Malaria is a parasitic disease caused by Plasmodium species, which are spread by mosquitoes. Erythrocytes are the replicating factories for malaria parasites. There are three malarial life-cycle stages: exoerythrocytic forms, asexual blood stages, and transmission stages. Nowadays, Malaria is still a threatening cause of death worldwide. Malaria widely distributes in tropical and subtropical areas, which is a malignant disease that caused 627,000 people to die in 2020. Chemotherapeutic antimalarial drugs usually target aspartic proteases. But how to overcome the problem of drug resistance is a growing problem.

Plasmepsin IX and plasmepsin X are key aspartic proteases for controlling malaria parasite egress and invasion of erythrocytes.  Specifically, plasmepsin IX and plasmepsin X play a critical role in the red blood cell stages. Therefore, inhibition of Plasmepsin IX/X is a potential antimalarial strategy.

WM382 is a potent and orally active plasmepsin IX/X inhibitor across the parasite life cycle.

From: Favuzza P, Cowman AF, et al. Cell Host Microbe. 2020 Apr 8;27(4):642-658.e12.

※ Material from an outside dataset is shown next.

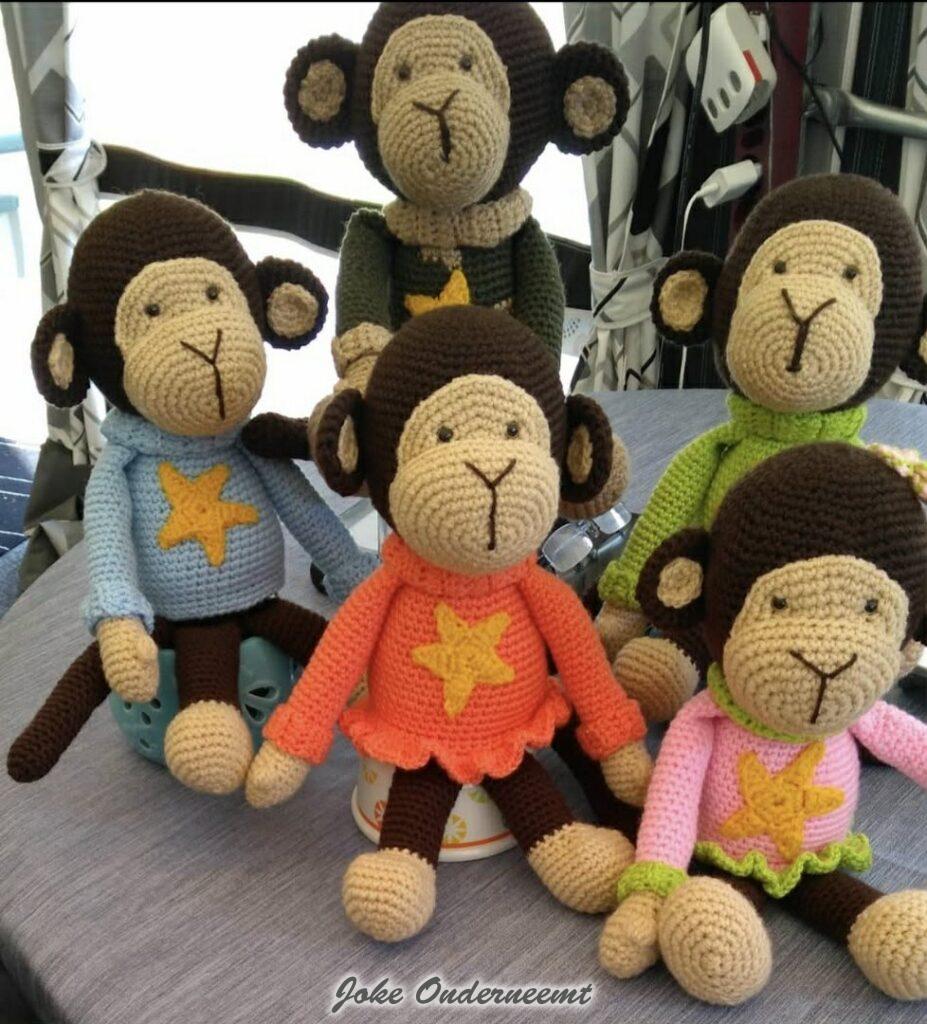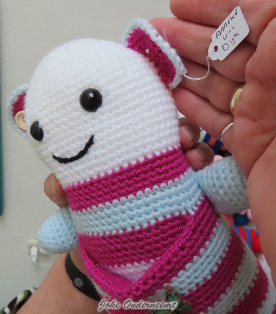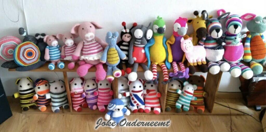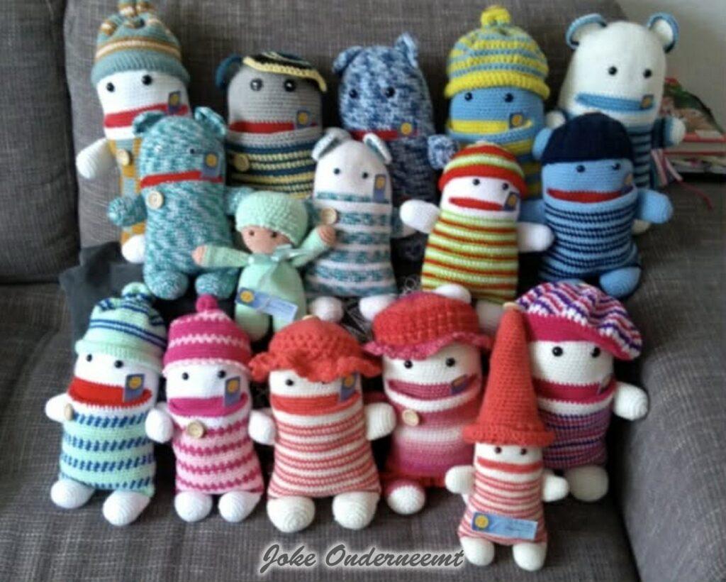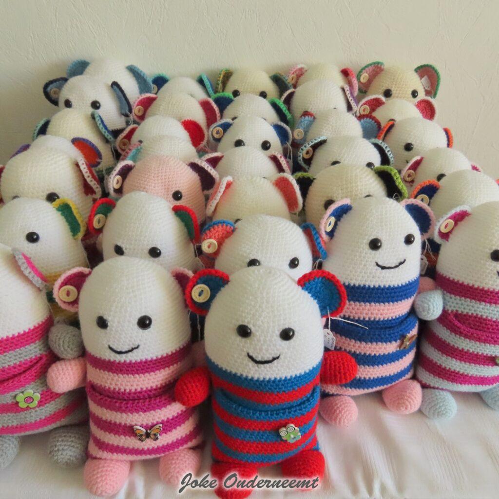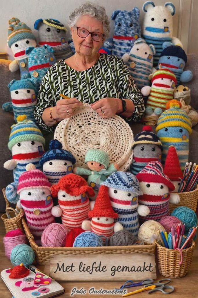 Dit jaar viert ze haar 70 jarig haak jubileum in oktober volgens mij… nog even een kleine indicatie over hoeveel en snel ze haakt…vanaf 1 november : 4 grote dekens – 4 baby dekens – 32 troostpopjes ( zie foto) en nog eens 3 dekens…en alles wordt al die jaren netjes per stuk genoteerd in een schrift … wat het is , wanneer het was, en volgens mij ook nog wat voor wol.

WM382 effectively inhibits plasmepsin IX/X with IC50 values of 1.4 nM and 0.03 nM, respectively. Furthermore, WM382 binds plasmepsin X with high affinity (Ki: 0.035 nM). WM382 also inhibits P. falciparum and P. knowlesi growth (EC50s: 0.6 nM and 0.2 nM, respectively). Importantly, pre-existing resistance mutations in drug-resistant parasites have no effect on the potency of WM382. Besides, WM382 (20 mg/kg twice daily or 1-30 mg/kg once daily, p.o., for 4 d) is able to clear parasites in P. berghei and P. falciparum blood infection mice model. WM382 also blocks transmission of P. falciparum gametocytes to mosquitoes. WM382 is also efficacious against P. falciparum asexual infection in humanized mice.

In conclusion, WM382 is a highly potent and orally active dual plasmepsin IX/X inhibitor with antimalarial activity both in vitro and in vivo, and shows an excellent resistance profile.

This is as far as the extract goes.